I need to convert this for the PDF utility to a string as follows:
“1,3,7-9”
I’ve included below what I currently use.
Thanks.
--Variables from earlier in the script.
set userInput to "2 4-6 10"
set totalPages to 10
--Convert user input to a list.
set AppleScript's text item delimiters to " "
set userInput to text items of userInput
set AppleScript's text item delimiters to ""
--Set variable to individual pages to delete.
set deletePages to {}
set AppleScript's text item delimiters to "-"
repeat with i from 1 to (count userInput)
set aPageReference to item i of userInput
if aPageReference does not contain "-" then
set the end of deletePages to aPageReference
else
set aPageReference to the text items of aPageReference
repeat with j from (item 1 of aPageReference) as integer to (item 2 of aPageReference) as integer
set the end of deletePages to (j as text)
end repeat
end if
end repeat
set AppleScript's text item delimiters to ""
--Set variables to individual pages to keep.
set keepPages to {} # as text
set keepPageNumbers to {} # as integers
repeat with i from 1 to totalPages
if i as text is not in deletePages then
set the end of keepPages to i as text
set the end of keepPageNumbers to i
end if
end repeat
--Convert individual pages to keep to page range for PDF utility.
set pdfPages to {}
repeat with i from 1 to (count keepPageNumbers) - 1
if item i of keepPageNumbers ≠ (item (i + 1) of keepPageNumbers) - 1 then
set the end of pdfPages to item i of keepPages & ","
else if i = 1 or text -1 of item -1 of pdfPages ≠ "-" then
set the end of pdfPages to item i of keepPages & "-"
end if
end repeat
set the end of pdfPages to item -1 of keepPages
set pdfPages to pdfPages as text
get pdfPages # correctly returns "1,3,7-9"

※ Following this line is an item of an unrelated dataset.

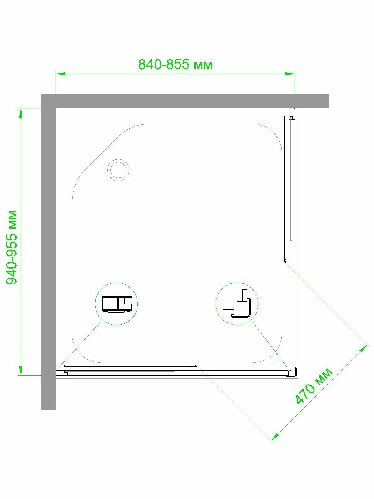 Душевой уголок RB 85х95х200 закаленное стекло прозрачное 6мм профиль сатин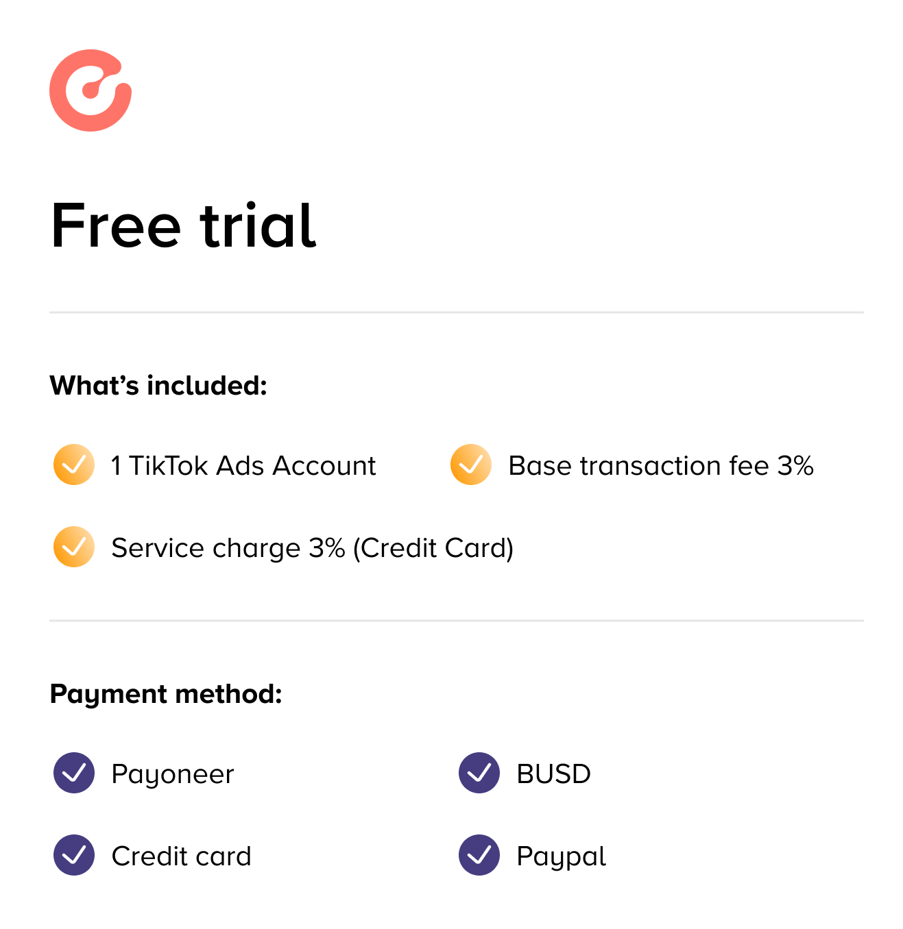 14 day trial to use our agency ad account. A new ad account will be created automatically on our platform and you will have 14 days for trial to enjoy our service

Not a lot shorter, but this combines the last two repeats:
--Variables from earlier in the script.
set userInput to "2 4-6 10"
set totalPages to 10
--Convert user input to a list.
set astid to AppleScript's text item delimiters
set AppleScript's text item delimiters to {space, ","}
set userInput to text items of userInput
--Set variable to individual pages to delete.
set deletePages to {}
set AppleScript's text item delimiters to "-"
repeat with aPageReference in userInput
if (aPageReference > "") then
set aPageRange to text items of aPageReference
repeat with j from (beginning of aPageRange) to (end of aPageRange)
set the end of deletePages to j
end repeat
end if
end repeat
-- Collect the "ranges" of pages to keep.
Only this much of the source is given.